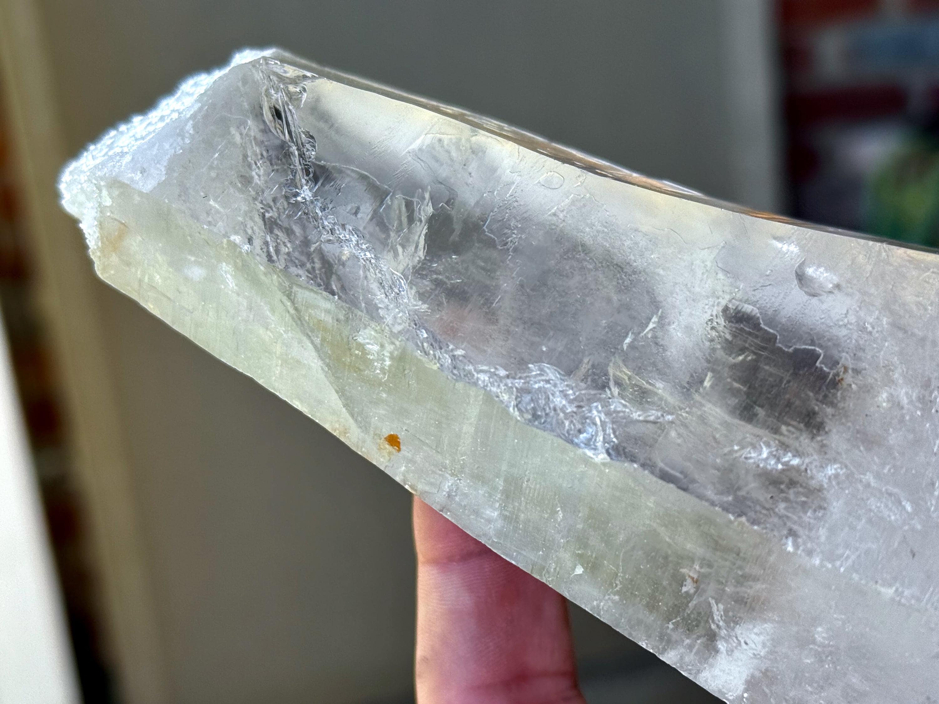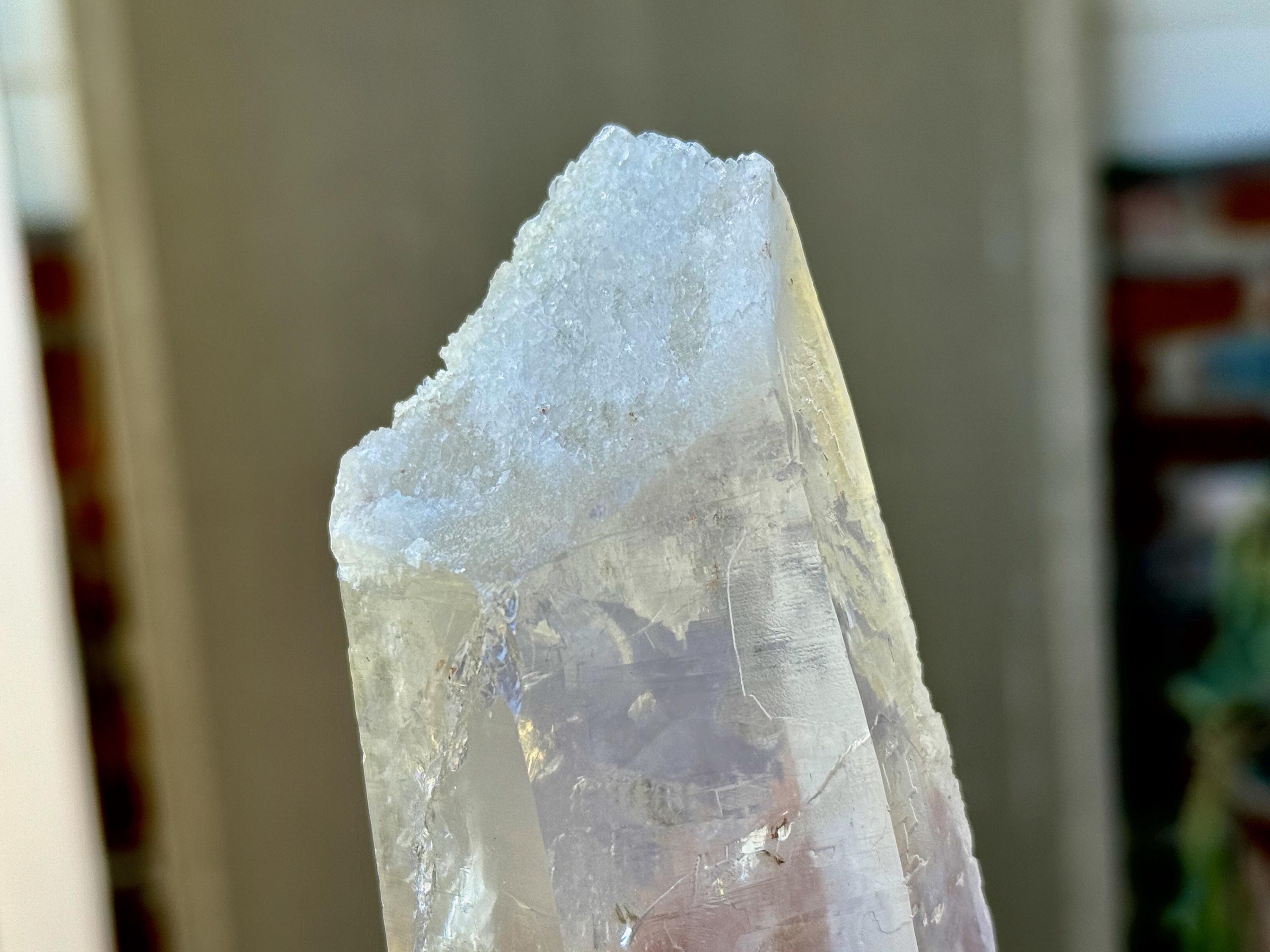 In this piece, the strength of the strike blew the top portion clear off! However, when we look closely, we can see that this top portion has self-healed (Photo 12), indicating that this strike happened millions of years ago! We were delighted to find that the base is also self-healed, effectively making this a Double Terminated (healed) crystal (Photo 13).
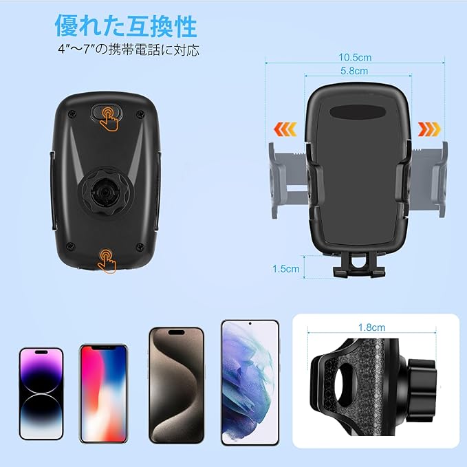 [ユニバーサル互換性]このカップホルダー電話ホルダーは、4から7までのすべてのスマートフォンと互換性があります。サイズの制約を気にすることなく、すべての電子機器に確実なフィットをお楽しみください。
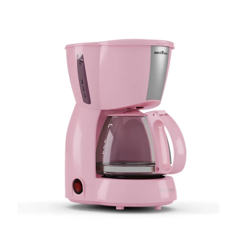 La Cafetera Britânia BCF15 rosa también cuenta con un diseño moderno con pequeños detalles de acero inoxidable, perfectos para darle un toque especial a tu cocina.
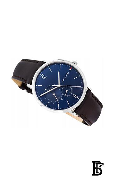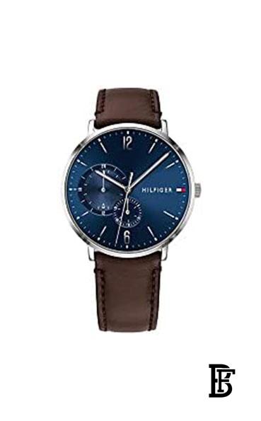 TOMMY HILFIGERMen’s Round Shape Leather Band Analog Wrist Watch 40 mm – Brown – 1791508
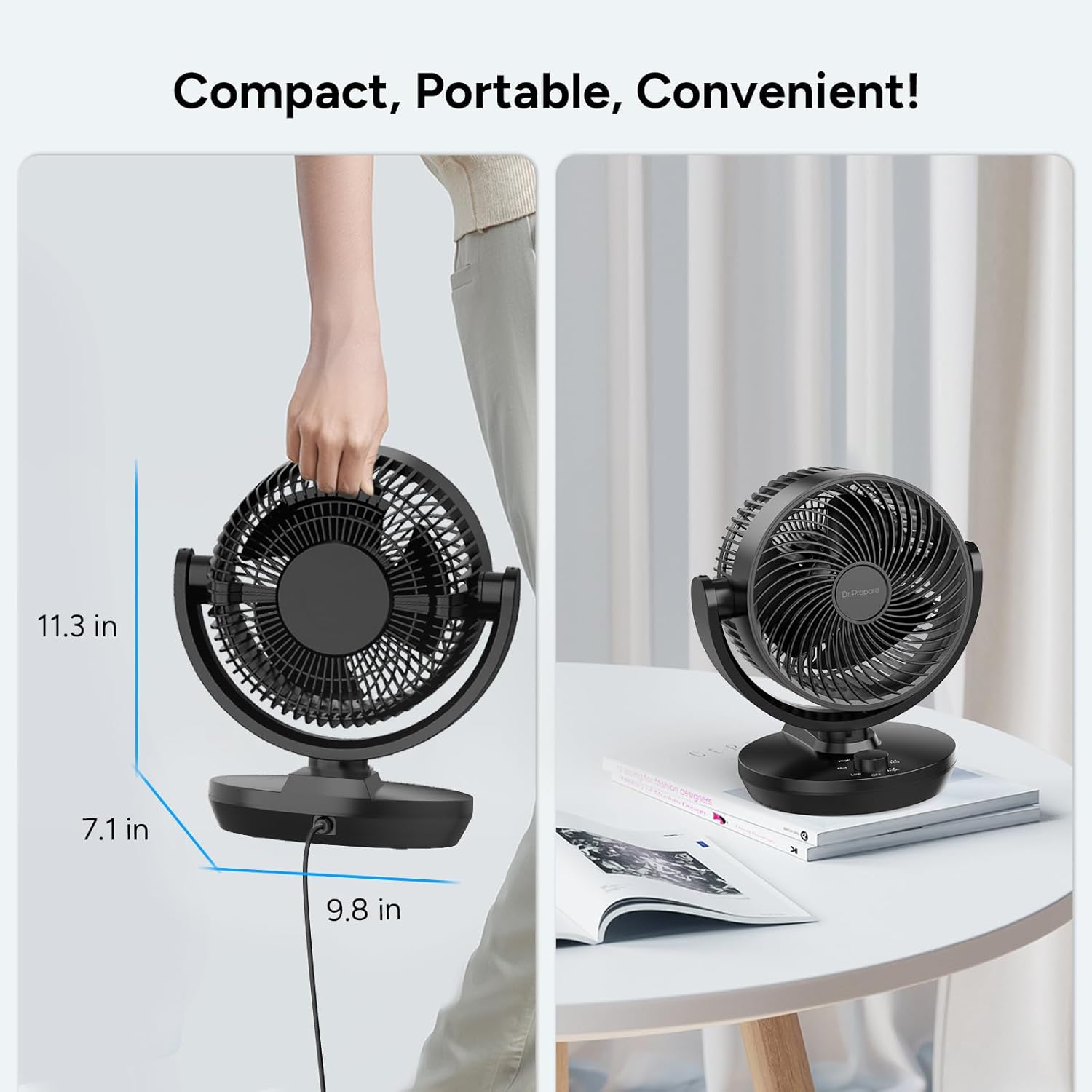 Review: I bought this fan to replace my 10+-yr-old 12-inch oscillating table fan that has faithfully kept my bedroom cool (it was starting to act weird and I feared for my safety).This little guy is powerful, even on Low speed. The air-flow is impressive. My room is about 16’x20′, and I can feel the breeze on every corner. It’s actually a bit too much on Med, and way too much on High (think “Auntie Em! Auntie Em!”… ha!). It’s not silent, but not too loud; provides a comfortable level of white noise for sleeping.The small footprint is so nice! Compared to the height and width of my old fan, it takes half the space but is twice as powerful.I like that the oscillating options are on the controller dial, not that old-school pull-plug on the back (which always broke off). The oscillation range is nice and wide, and the tilt adjustment is expansive.All in all, this little fan has a lot of bang for the buck. I’ll be getting another for the guest room!
++++++
The task: Exact repeat, pictures omitted: give every line from the top of the records down to and including the line with "[ユニバーサル互換性]このカ".

Output of the task:
 In this piece, the strength of the strike blew the top portion clear off! However, when we look closely, we can see that this top portion has self-healed (Photo 12), indicating that this strike happened millions of years ago! We were delighted to find that the base is also self-healed, effectively making this a Double Terminated (healed) crystal (Photo 13).
 [ユニバーサル互換性]このカップホルダー電話ホルダーは、4から7までのすべてのスマートフォンと互換性があります。サイズの制約を気にすることなく、すべての電子機器に確実なフィットをお楽しみください。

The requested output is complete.